If you want to spark creativity in drama, get the cameras rolling. Hannah Frankel shines the spotlight on one extraordinary project

If you want to spark creativity in drama, get the cameras rolling. Hannah Frankel shines the spotlight on one extraordinary project

If you want to spark creativity in drama, get the cameras rolling. Hannah Frankel shines the spotlight on one extraordinary project

Drama can sometimes seem like a bit of an add-on; it's fun but it isn't a priority. Not so at Holy Trinity Primary School in Darwen, Lancashire, which put aside half a term to recreate and enact film scenes as part of its focus on creativity.

Every year group in the school took on a different theme loosely based on acting, China and film. Reception, for example, manoeuvred puppet heads and filmed them to explore their own version of Mulan, the Disney movie based on Chinese folklore. This also prompted them to draw paddy fields and look at Chinese food, writing and some basic language.

Year 6, meanwhile, made Plasticine and Lego animations, complete with scripts and voiceovers, while Year 5 acted out and filmed scenes from C.S. Lewis's The Lion, the Witch and the Wardrobe in an entirely white classroom. Year 3 filmed its own version of Harry Potter.

Every year benefited from a group of Year 6 peer mentors who were chosen to attend specialist out-of-school training about how to use Digi-Blu handheld cameras and stop-start photography.

Armed with their new skills and techniques, they were able to pass on their knowledge to other pupils, learning assistants and teachers. Every class was then able to video their drama with some degree of professionalism.

"Each year used digital imagery, which helped to capture their plays or animations plus improve ICT skills in the process," says Mark Standen, the headteacher.

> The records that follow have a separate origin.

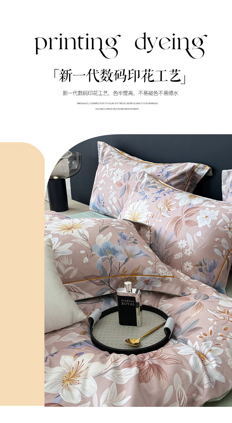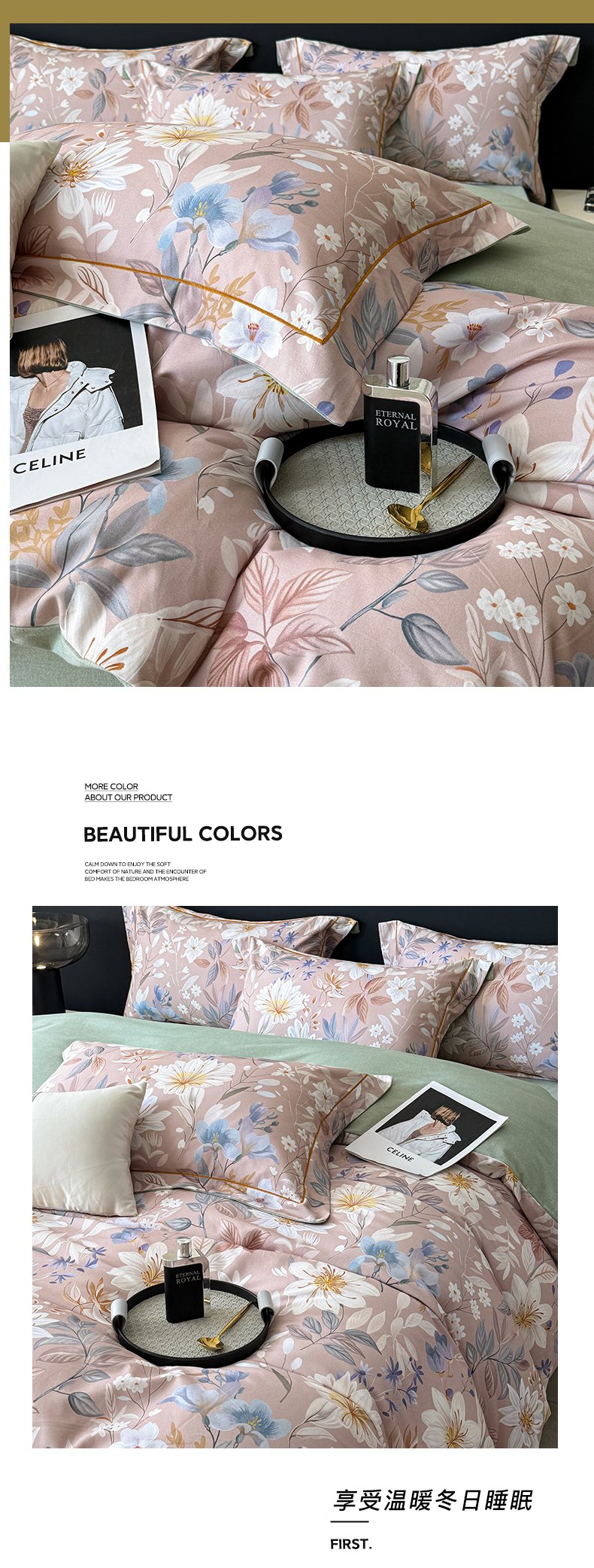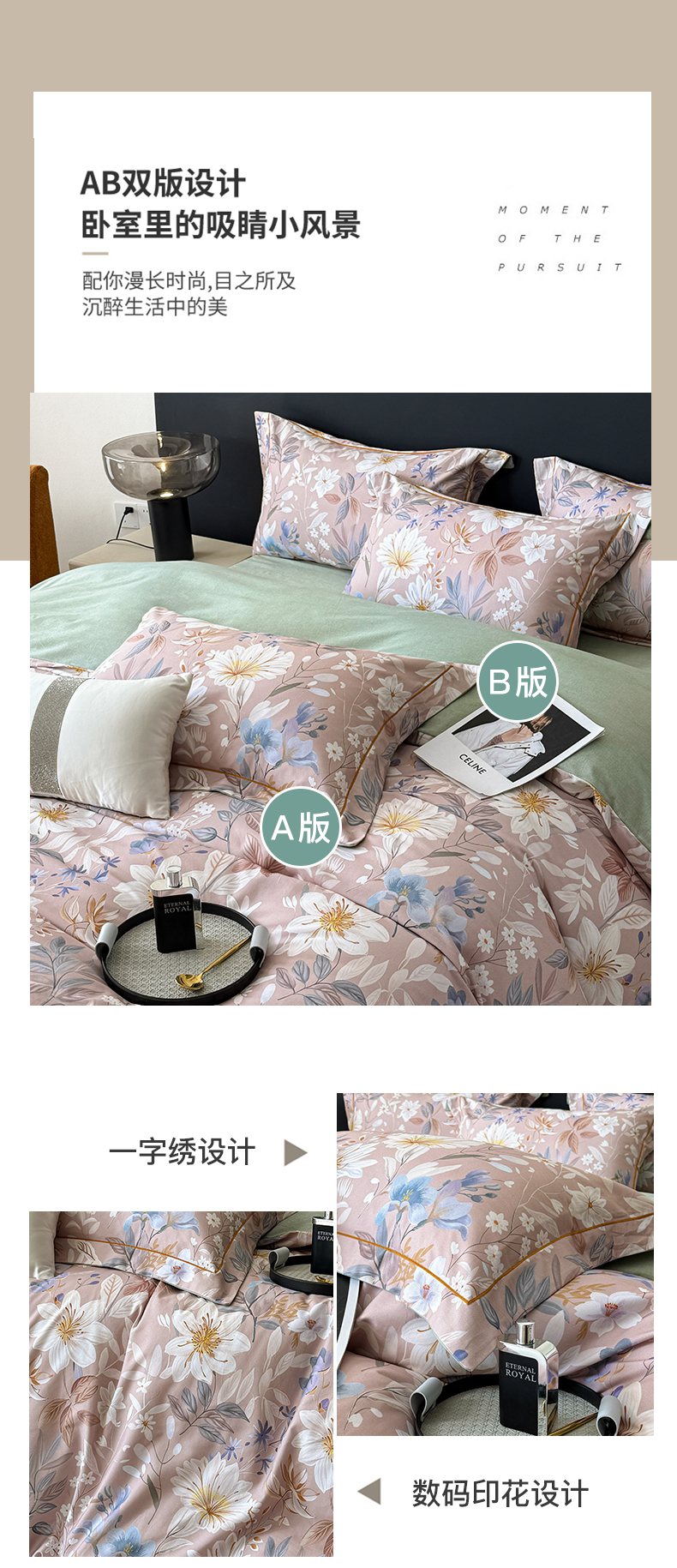 当前位置: 91家纺网 > 商品网购 > 床品套件 > 四件套 > 普通磨毛四件套 > 梵克保罗 2025秋冬新款数码印花全棉磨毛单被套三件套四件套系列 亭语花间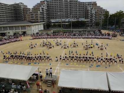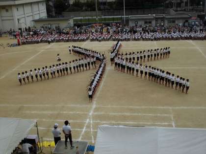 6年生の演技はなわとびあり、組体操あり、フラッグを取り入れたマスゲームありと盛りだくさんでしたが、最後の運動会を思い出に残るものにしようとする子ども達の意気込みが感じられ、すばらしいものになりました。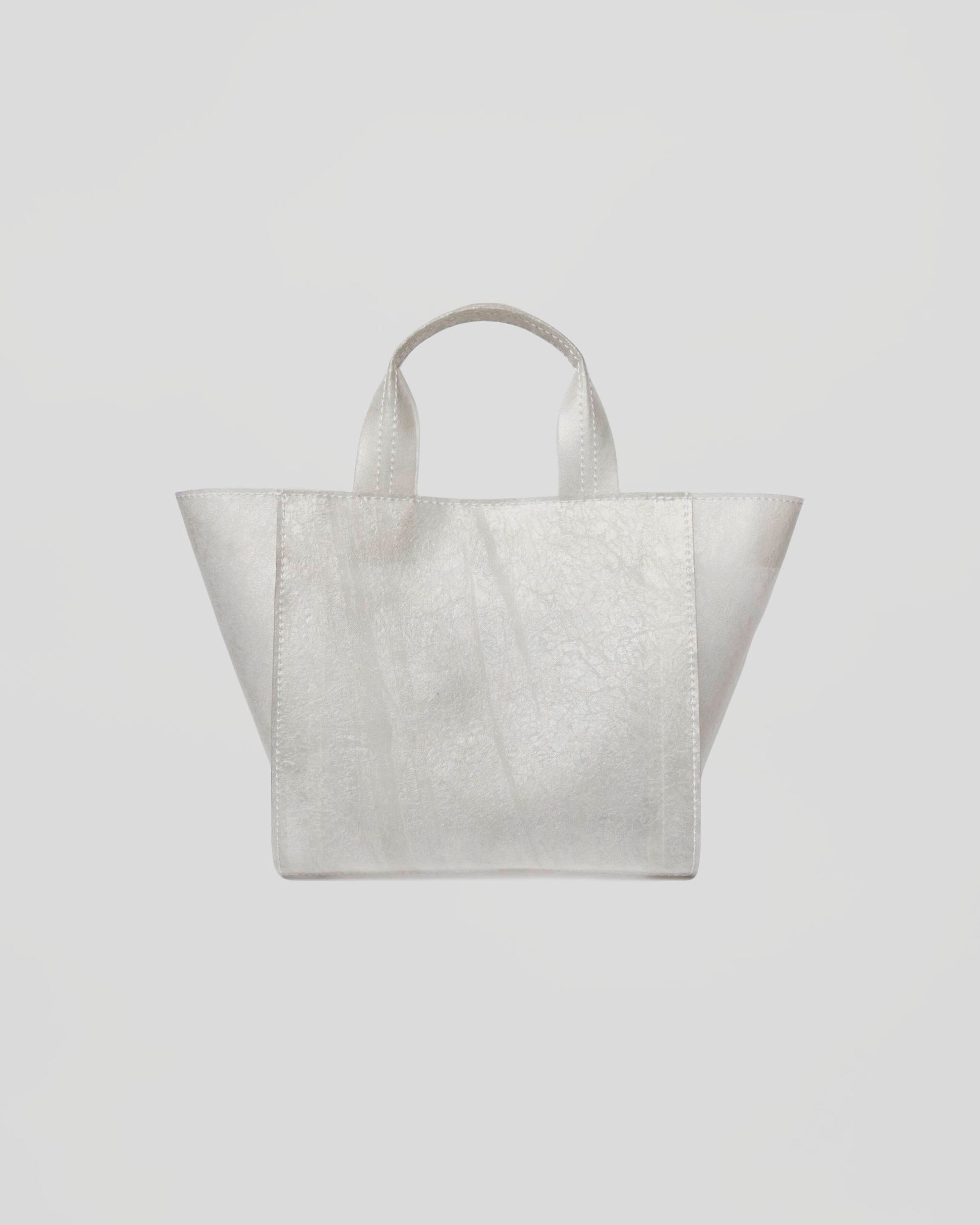透明のビニール傘を再利用した素材で作られたミニマルでコンパクトなトートバッグ。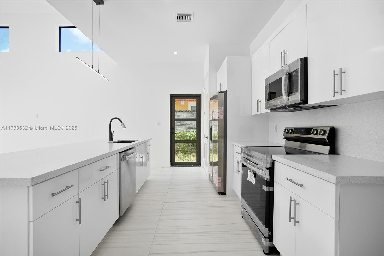 Stunning, modern, 2022-construction, 3 bedroom/2.5 bath townhouse! Great floor plan with open-top elegant finishes. Modern open kitchen with stainless steel appliances, white laquered top-of-the-line cabinets and quartz countertops. Washer and dryer conveniently located in the kitchen. Impact windows and doors. Marvelous, large ceramic tiles all throughout the home. Nice size bedrooms. Gated driveway and backyard. Showers come with glass enclosures. Both units A and B are for sale. Centrally located with no rental restrictions. Won't last.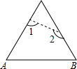 如图,将一等边三角形剪去一个角后,∠1+∠2=________度.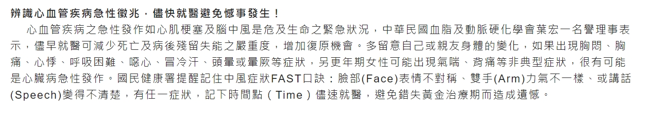 而根據國健署提供的資料指出,心肌梗塞常見的前兆有「胸悶、胸痛、心悸、呼吸困難、噁心、冒冷汗、頭暈或暈厥等症狀,另更年期女性可能出現氣喘、背痛等非典型症狀」,如果有出現上述症狀就要立即就醫,以免憾事發生。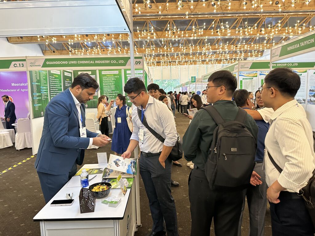| Des visiteurs devant un stand d’exposition de produits de protection végétale d’une entreprise indienne. |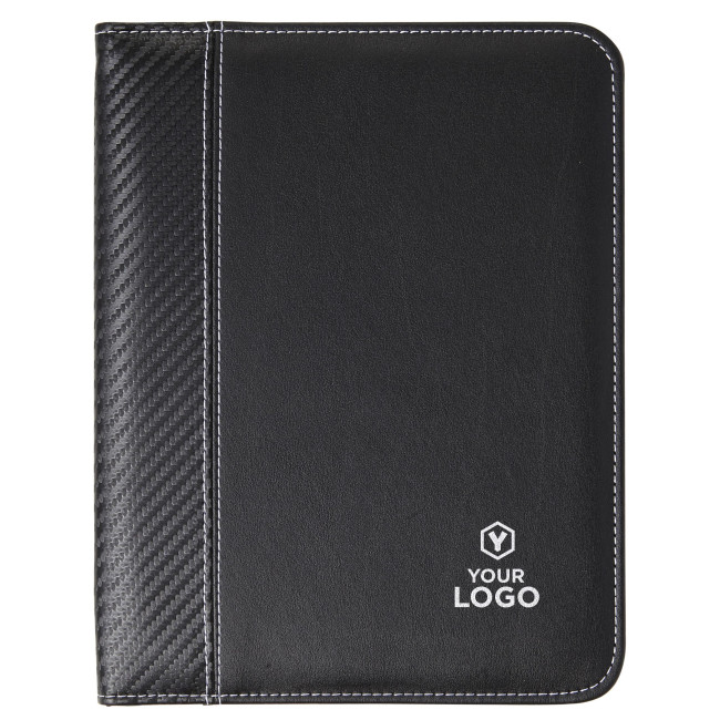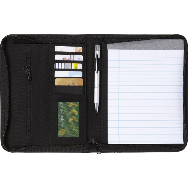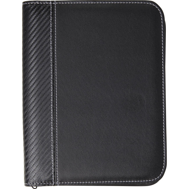Portadocumenti formato +/- A5, rivestimento interno in microfibra, passante per penna elasticizzato (penna non inclusa), blocco con fogli a righe, 6 tasche interne, chiusura lampo, in PU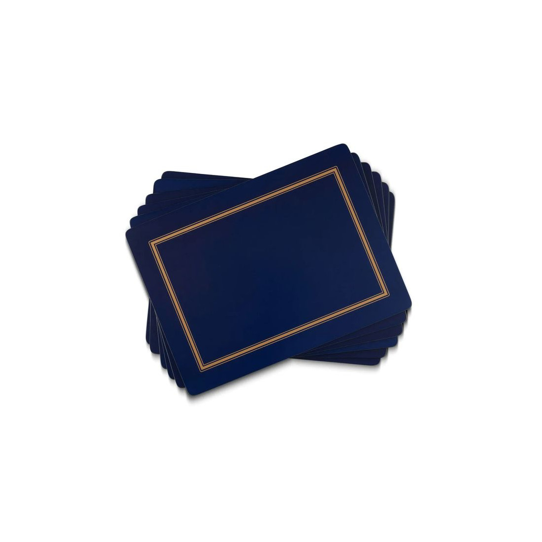 Zestaw sześciu stylowych i praktycznych podkładek korkowych, w kolorze granatowym, ozdobionych symetryczną potrójną ramką z kolekcji Classic Midnight.

Mark also recognised that the school needed to celebrate the high-quality work, completed in just four weeks, in an equally creative way. Showing the completed films in assembly simply wouldn't do. Hence, the Holy Trinity Oscars was born.

More associated with Hollywood fame and glamour, Mark could see no good reason why Holy Trinity couldn't follow suit. The resulting ceremony was a strictly black tie and ballgown affair, with the headteacher setting the tone in a dashing white tuxedo.

Parents were invited to a champagne reception, where they were greeted and shown around by pupils. They then had the chance to watch their children's films in the corresponding classroom- cum-cinema.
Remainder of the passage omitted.